Warmer south India uses cooling spices like mustard, curry leaves and asafetida in its pickles, while the colder north favors warming spices like cloves, pepper and nigella. Some spices are medicinal: for instance, ginger, asafetida, and turmeric are added for their digestive properties, raw garlic cures circulatory ailments and soothes jangled nerves, while clack pepper stimulates the appetite. The oil used as a base also varies according to region. sesame and gingelly oil are common in the south, while mustard oil is preferred in the North. There’s also a variation in the acidifying agent: The south uses lime juice, tamarind or curd, the north uses vinegar. Jaggery is the sweetener favored in the south, but the north uses sugar.

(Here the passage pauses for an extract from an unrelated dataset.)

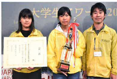
農林水産大臣賞受賞後の様子

「食と農林漁業大学生アワード2018」に出場し、史上初2回目の農林水産大臣賞を受賞することが出来ました。「食と農林漁業大学生アワード」とは、食や農林漁業に関する取組を行っている学生団体や大学の研究室によるプレゼン大会です。書類審査によって選考された10団体が発表しました。受賞という形で評価していただけたことは、今ある農村16きっぷという団体を築き上げてくださった集落の皆様・先輩方のおかげです。これからも私たち農村16きっぷをよろしく願います。

Pickle recipes have long been passed down from one generation of a family to the next and, with the exception of a few winter specials, the majority of pickles are made in the summer. Women get together and spend several weeks preparing pickles even in fast-paced Mumbai. Taking the tedium out of grating or chopping kilos of produce, enterprising vegetable vendors home deliver fruits and vegetables conveniently prepped to specification. These are then salted and laid out to dry wherever there is a bit of sun (on minuscule balconies or terraces) to concentrate their flavours and when ready these are mixed with the required ingredients and packed into large ceramic jars and left to mature.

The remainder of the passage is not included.